Inside there were some financial documents, one or two thick envelopes and, on
top of these, her Post Office Savings book.
He opened it
with shaking fingers, and began reading the figures – £17,000 . . . £18,600 . .
. £21,940 . . . He turned over a page, and his heart jumped wildly. On 4th
September she had taken almost all the money out of her savings account!
Perhaps it
was here, in these thick envelopes? He opened one of them; papers, letters,
documents fell on the floor.
Suddenly he
saw an envelope with his own name on it, in Edyth’s writing. He pulled it open,
and saw in surprise that the date on the letter was only two days ago.
Dear Ronald,
If you ever
read this, I am afraid it will be a terrible shock to you. I hoped it would not
be necessary to write it, but now your behaviour has forced me to face some
very unpleasant possibilities.
Did you not
realize, Ronald, that any middle-aged woman who has been rushed into marriage
to a stranger will ask herself about her husband’s reason for marrying her?
At first I
thought I was in love with you, but when you asked me to make my will on our
wedding day, I began to worry. And then, when you started making changes to the
bathroom in this house, I decided to act quickly. So I went to the police.
Have you
noticed that the people who have moved into the house next door have never
spoken to you? Well, they are not a husband and wife, but a police inspector
and a policewoman. The policewoman showed me two pieces from old newspapers,
both about women who had died from accidents in their baths soon after their
marriages. Both pieces included a photograph of the husband at the funeral.

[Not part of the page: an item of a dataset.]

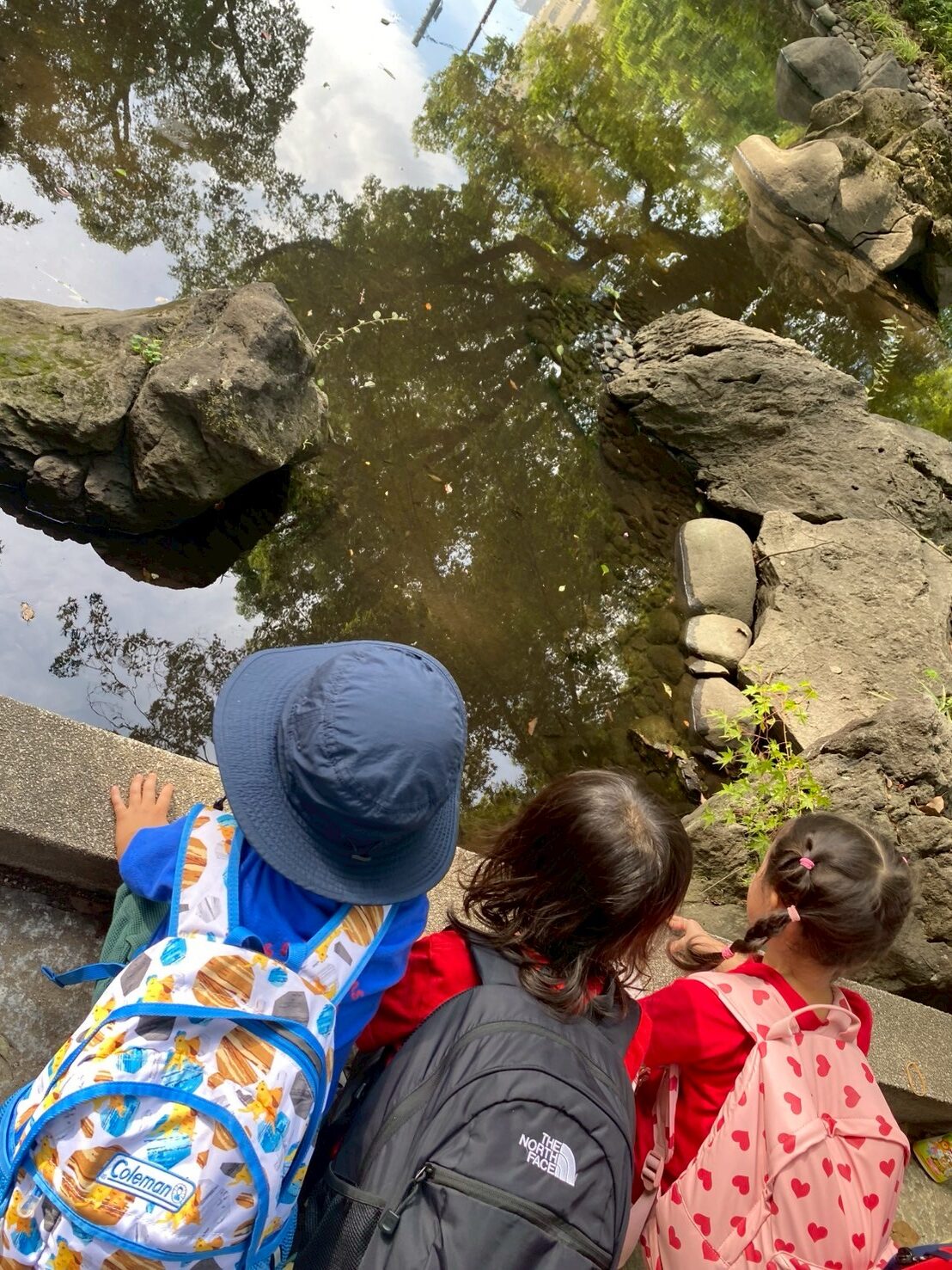 公園内を探検した後、東京タワーの隣の公園で最後のひと遊びをすることにしました。モミジの葉探しやいろ鬼、川で生き物探しなどまるでどこかの森に遊びに来たかのような時間となりました。身近なところでも足を運ぶたびに新しい発見があることを再確認した一日となりました。

They were not very clear, but I was able to recognize you. So I realized that
it was my duty to agree to do what the Inspector asked me to do. (The police
have been looking for the man since the photographs were given to them by your
second wife’s brother.) The Inspector said the police needed to be sure that
you were guilty: you must be given the opportunity to try the crime again.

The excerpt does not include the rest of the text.